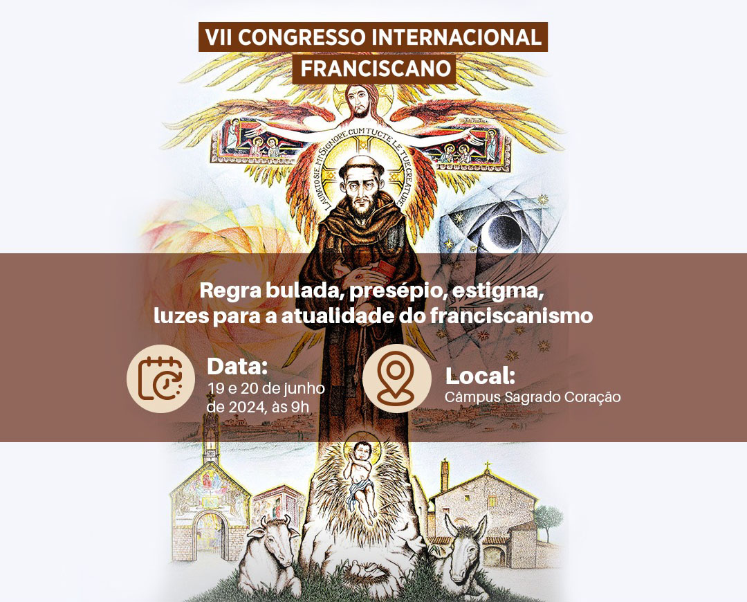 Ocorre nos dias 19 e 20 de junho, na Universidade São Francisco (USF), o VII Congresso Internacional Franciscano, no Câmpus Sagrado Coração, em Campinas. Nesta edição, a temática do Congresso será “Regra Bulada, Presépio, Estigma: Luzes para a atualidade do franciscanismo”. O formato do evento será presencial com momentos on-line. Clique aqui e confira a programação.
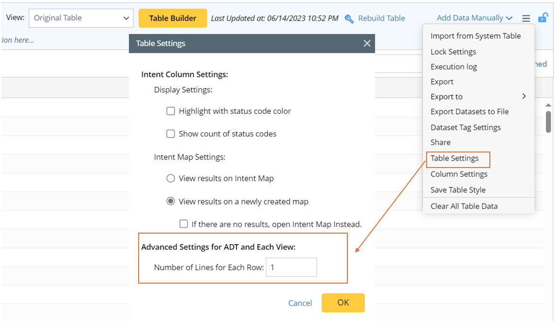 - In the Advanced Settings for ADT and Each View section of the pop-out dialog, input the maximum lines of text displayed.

▬▬▬▬▬▬▬▬▬▬

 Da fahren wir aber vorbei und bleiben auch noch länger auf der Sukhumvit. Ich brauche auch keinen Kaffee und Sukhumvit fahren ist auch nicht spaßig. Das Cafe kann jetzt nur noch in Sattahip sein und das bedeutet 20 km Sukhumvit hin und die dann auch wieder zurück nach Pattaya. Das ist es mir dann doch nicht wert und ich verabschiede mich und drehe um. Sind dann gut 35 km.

▬▬▬▬▬▬▬▬▬▬

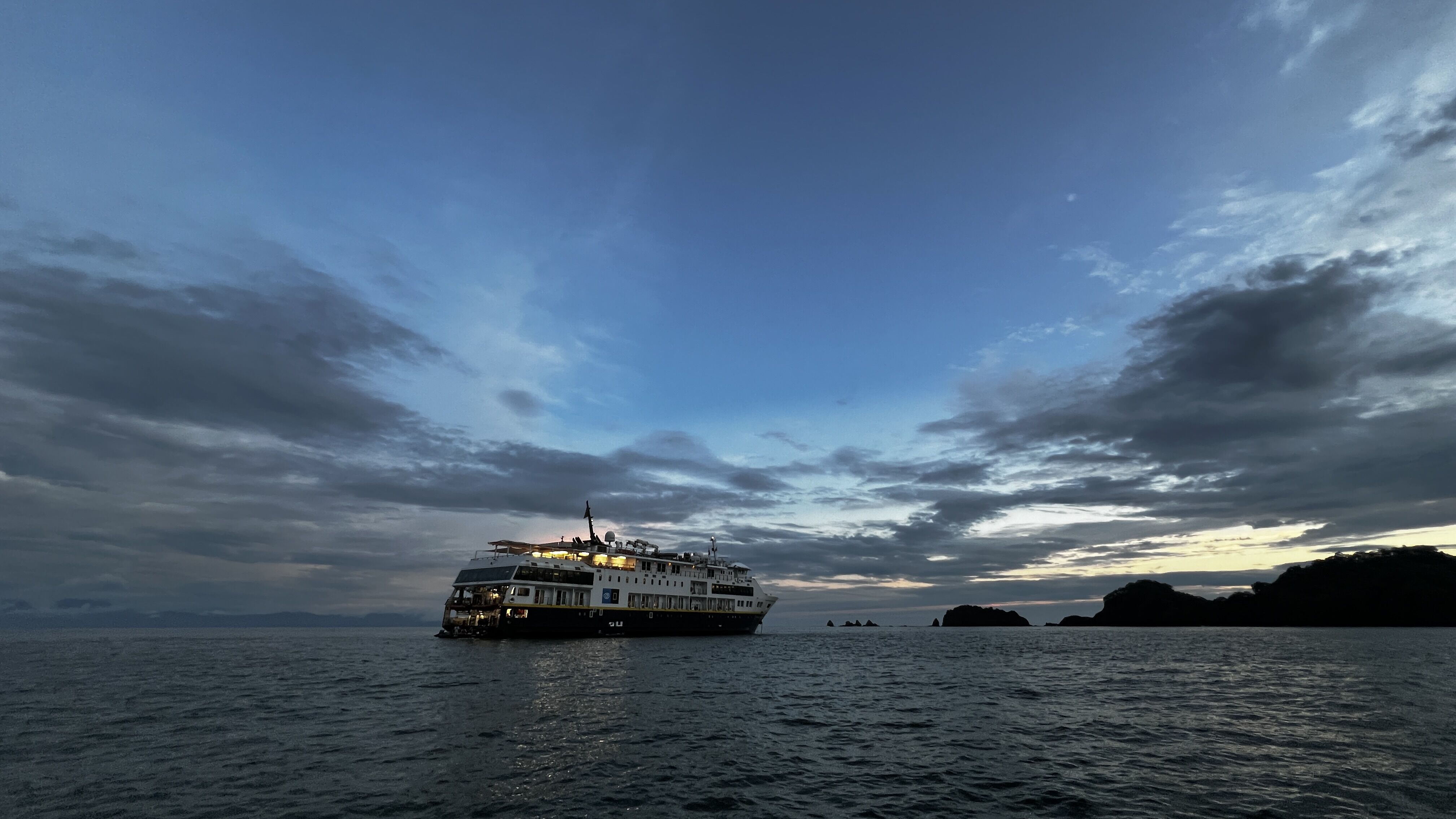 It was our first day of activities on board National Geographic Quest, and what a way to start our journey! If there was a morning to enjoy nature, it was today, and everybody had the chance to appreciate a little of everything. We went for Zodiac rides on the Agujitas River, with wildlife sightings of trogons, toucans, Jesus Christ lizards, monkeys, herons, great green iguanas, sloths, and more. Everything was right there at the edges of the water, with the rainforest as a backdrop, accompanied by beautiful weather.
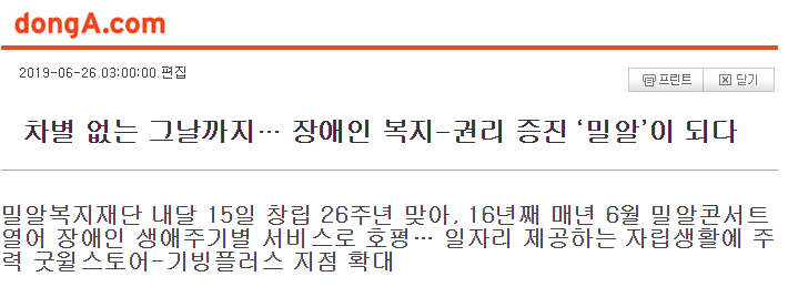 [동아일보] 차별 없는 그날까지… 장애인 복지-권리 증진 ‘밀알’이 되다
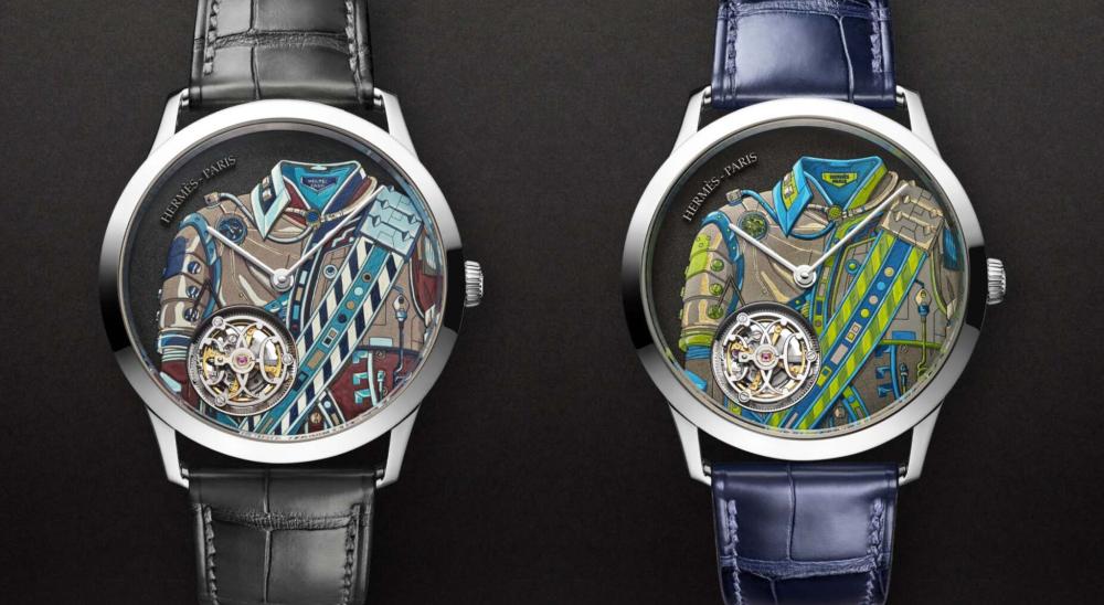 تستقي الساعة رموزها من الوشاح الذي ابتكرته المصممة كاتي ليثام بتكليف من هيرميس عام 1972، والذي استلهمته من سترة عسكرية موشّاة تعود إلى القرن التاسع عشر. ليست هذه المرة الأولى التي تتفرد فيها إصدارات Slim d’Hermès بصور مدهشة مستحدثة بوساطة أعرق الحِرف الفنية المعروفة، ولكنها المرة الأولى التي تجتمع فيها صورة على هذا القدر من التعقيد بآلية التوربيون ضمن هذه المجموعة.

▬▬▬▬▬▬▬▬▬▬

• What you should do: Give again the stretch of lines above from the one with "[동아일보] 차별 없는 그날까지… 장애인 복지-권리 증진 ‘밀알’이 되다" through the one with "تستقي الساعة رموزها", both ends kept, and copy no pictures.

• Solution to the exercise:
 [동아일보] 차별 없는 그날까지… 장애인 복지-권리 증진 ‘밀알’이 되다
 تستقي الساعة رموزها من الوشاح الذي ابتكرته المصممة كاتي ليثام بتكليف من هيرميس عام 1972، والذي استلهمته من سترة عسكرية موشّاة تعود إلى القرن التاسع عشر. ليست هذه المرة الأولى التي تتفرد فيها إصدارات Slim d’Hermès بصور مدهشة مستحدثة بوساطة أعرق الحِرف الفنية المعروفة، ولكنها المرة الأولى التي تجتمع فيها صورة على هذا القدر من التعقيد بآلية التوربيون ضمن هذه المجموعة.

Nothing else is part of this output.